There are a bunch of details in here, but I think it'd be easier to follow, and
in turn, review the rest of this patch, with roughly the following structure:
1. some context explaining what was wrong with the existing caching strategy
2. a concrete example depicting what was bad
3. what is the high-level approach that fixes this problem?
4. how the problem in #2 will work now.
5. other implications/examples, if any seem appropriate.

Here's my attempt based on my understanding of this patch (feel free to correct
anything that's off):

The API that Kudu uses to fetch privileges from Sentry will return privileges
corresponding to all ancestors and descendants of the requested authorizable in
Sentry's authorizable scope hierarchy tree. For instance, if requesting
database-level privileges on "s.d", the API will return privileges on "s",
"s.d", privileges on all tables within "s.d", and privileges on all columns
therein. This is unsettling because a single database may have many tables and
columns, and we would currently end up caching all of them, even those that may
not be tables and columns stored in Kudu.

Additionally, the existing cache-lookup policy is very simple and doesn't allow
the usage of usable privileges that exist in the cache where it could. For
instance, the existing policy might store the following in the cache:

{ /s/d/t => ["metadata" on /s, "create" on /s/d, "insert" on /s/d/t, "select"
on /s/d/t/c] }

A cache lookup for privileges on /s/d would yield an expensive database-scoped
request to Sentry, even though, if we were smarter about how we structured our
privileges in cache, we could return the cached database-scoped privilege.
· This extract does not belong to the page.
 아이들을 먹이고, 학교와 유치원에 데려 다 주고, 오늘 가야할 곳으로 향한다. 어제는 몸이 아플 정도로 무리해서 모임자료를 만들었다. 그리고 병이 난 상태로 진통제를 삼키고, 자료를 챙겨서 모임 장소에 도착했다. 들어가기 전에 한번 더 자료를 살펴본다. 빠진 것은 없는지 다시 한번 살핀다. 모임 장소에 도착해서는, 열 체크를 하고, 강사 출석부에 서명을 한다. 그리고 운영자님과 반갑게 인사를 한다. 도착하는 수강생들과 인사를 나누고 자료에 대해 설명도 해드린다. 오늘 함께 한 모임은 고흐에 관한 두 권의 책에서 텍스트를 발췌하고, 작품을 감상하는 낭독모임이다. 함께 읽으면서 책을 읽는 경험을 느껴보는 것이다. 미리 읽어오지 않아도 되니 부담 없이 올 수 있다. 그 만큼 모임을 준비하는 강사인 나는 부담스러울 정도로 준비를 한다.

This patch addresses these problems by splitting the cached privileges into two
entries: those for database-scope and above (keyed by database), and those for
table-scope and below (keyed by table). For cache lookups for a given
authorizable, this allows us to use existing privileges for higher scopes from
other authorizables where possible, avoiding expensive calls to Sentry for
server- or database-scoped privileges. Now, for the same set of privileges, the
cache will store:

{ /s/d => ["metadata" on /s, "create" on /s/d],
/s/d/t => ["insert" on /s/d/t, "select" on /s/d/t/c] }

With the above in cache, a lookup on /s/d would thus be able to leverage the
existing entry. The trade-off here is that lookups on /s/d/t will now require
two lookups, one on /s/d and one on /s/d/t, to return the complete lists of
privileges in /s/d/t's hierarchy tree.

Why database and above, and table and below? Why not separate them further?
Based on our current privilege model, we only expect to request privileges at
the database scope (e.g. for CreateTable) or table scope (e.g. OpenTable), so
this separation seems natural while limiting the number of cache lookups as
much as possible.

As a further optimization on cache size, because there aren't constraints that
the privileges in Sentry when requesting privileges at the database scope
correspond to things stored in Kudu, we will now ignore privileges below the
database scope when making such requests when caching.
(maybe this belongs in a separate patch)

http://gerrit.cloudera.org:8080/#/c/13069/2/src/kudu/master/sentry_privileges_fetcher.cc
File src/kudu/master/sentry_privileges_fetcher.cc:

http://gerrit.cloudera.org:8080/#/c/13069/2/src/kudu/master/sentry_privileges_fetcher.cc@541
PS2, Line 541: HECK(kScopeDabase.Implies(scope));
: // Not expecting requests for authorizables of scope narrower
than TABLE.
: DCHECK(scope.Implies(kScopeTable));
: // Do not query Sentry for authz scopes narrower than 'TABLE'.
: const auto& key = aggregate_key.GetFlattened
> No, it does not -- those are queries to the cache.
Oof, yeah pretty obvious in retrospect. Rushed code review is bad code review.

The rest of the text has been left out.